# I saw the following claim in some book without a proof and couldn't prove it myself. d/(dp)P(Bin(n,p)<=d)=−n⋅P(Bin(n−1,p)=d)

I saw the following claim in some book without a proof and couldn't prove it myself.

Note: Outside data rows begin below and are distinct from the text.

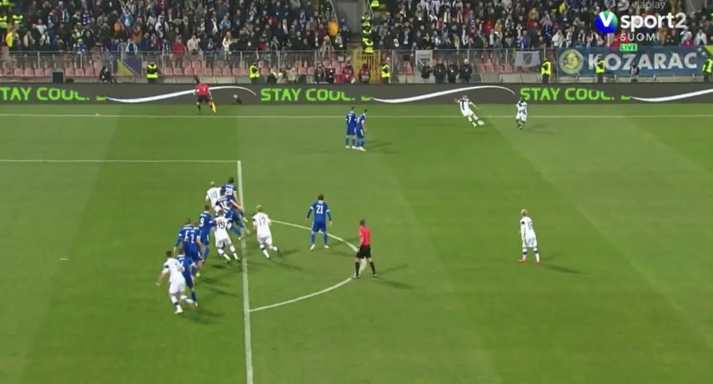 Фіни погано сканують простір навколо себе. У них багато індивідуальних помилок. Вони невиразні при захисті на стандартах, та і загалом команда неакуратно працює у власному штрафному – настільки неакуратно, що Боснія і Герцеговина провела аж 19 ударів з його меж, а 4 постріли пройшли із зони воротарського майданчика. Якби у господарів був Джеко, підопічні Маркку Канерви могли б пропустити набагато більше голів.
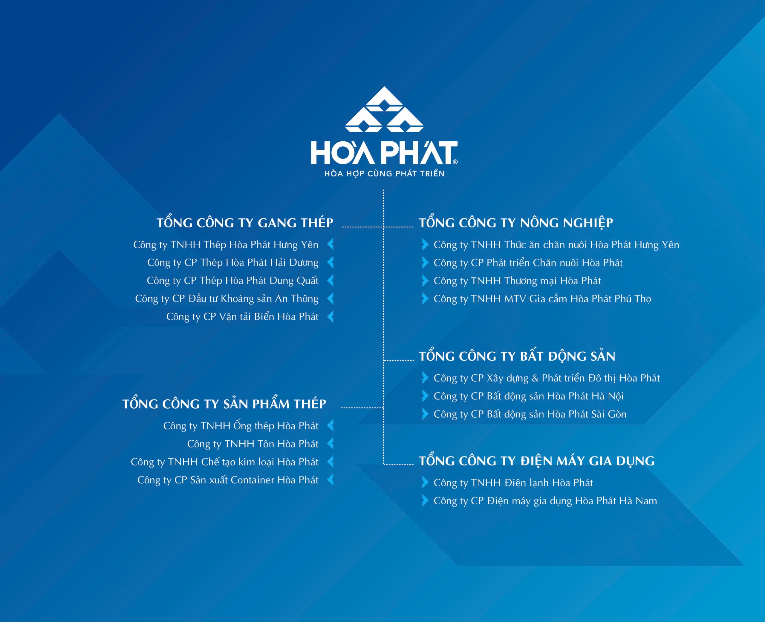 Hòa Phát là Tập đoàn sản xuất công nghiệp hàng đầu Việt Nam. Khởi đầu từ một Công ty chuyên buôn bán các loại máy xây dựng từ tháng 8/1992, Hòa Phát lần lượt mở rộng sang các lĩnh vực khác như Nội thất, ống thép, thép xây dựng, điện lạnh, bất động sản và nông nghiệp. Ngày 15/11/2007, Hòa Phát chính thức niêm yết cổ phiếu trên thị trường chứng khoán Việt Nam với mã chứng khoán HPG.
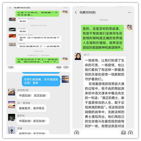 在思政课教师引导下,学生们踊跃发言:“引用思政大课中的一句话‘多难兴邦’,危机本来就存在着‘危险’与‘机遇’,毫无疑问,中国是在这次考验中做得最好的,是交了满分答卷的”,“只有对大自然充满感恩与敬畏,并去付诸实践,那么大自然也一定会重新回复我们的的善意”,“在这场战役中,有许许多多的人值得我们尊敬,值得我们敬仰。生在‘种花家’,我们大学生更应该抓住一切机会去回报国家,建设国家。我,爱中国”。学生们感受到了中华儿女相亲相爱大团结的“温度”、中国工业众志成城的“速度”以及我国在国际社会体现的“气度”,坚信战“疫”必胜。课堂讨论后,学生们在课下仍持续不断向教师们发送感受和思考。
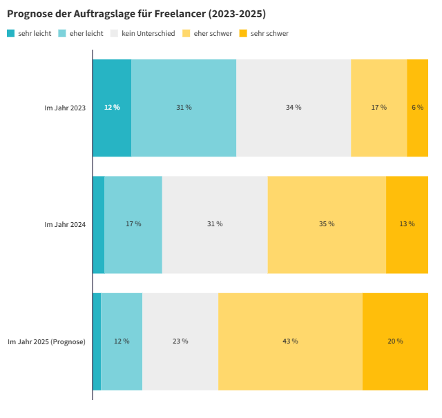 Die aktuelle Freelancer-Studie 2025 von freelance.de basiert auf den Angaben von 2.851 Teilnehmern – vorwiegend aus den Bereichen IT, Engineering, Kommunikation und Beratung. Die jährliche Befragung beleuchtet die wirtschaftliche Situation, Herausforderungen sowie die politische und strukturelle Wahrnehmung von Freelancern in Deutschland. Im Vergleich zu den Vorjahren zeigt sich 2025 ein deutlich angespannteres Stimmungsbild – sowohl finanziell als auch mit Blick auf die Projektlage und die politische Unterstützung. Ein besonderes Highlight in diesem Jahr: Die interaktive Ergebnisdarstellung mit zahlreichen Filtermöglichkeiten (z. B. nach Branche, Geschlecht oder Berufserfahrung). Sie können die Visualisierungen direkt einbetten oder als Bilddatei herunterladen – ideal für Ihre Berichterstattung.

$\frac{d}{dp}\mathbb{P}\left(\text{Bin}\left(n,\phantom{\rule{thinmathspace}{0ex}}p\right)\le d\right)=-n\cdot \mathbb{P}\left(\text{Bin}\left(n-1,\phantom{\rule{thinmathspace}{0ex}}p\right)=d\right)$
So far I got:
$\begin{array}{l}\frac{d}{dp}\mathbb{P}\left(\text{Bin}\left(n,\phantom{\rule{thinmathspace}{0ex}}p\right)\le d\right)=\\ \frac{d}{dp}\sum _{i=0}^{d}\left(\begin{array}{c}n\\ i\end{array}\right){p}^{i}{\left(1-p\right)}^{n-i}=\\ -n\cdot {\left(1-p\right)}^{n-1}+\sum _{i=1}^{d}\left(\begin{array}{c}n\\ i\end{array}\right)\left[i{p}^{i-1}{\left(1-p\right)}^{n-i}-{p}^{i}\left(n-i\right){\left(1-p\right)}^{n-i-1}\right]\end{array}$
But I am not very good playing with binomial coefficients and don't know how to proceed.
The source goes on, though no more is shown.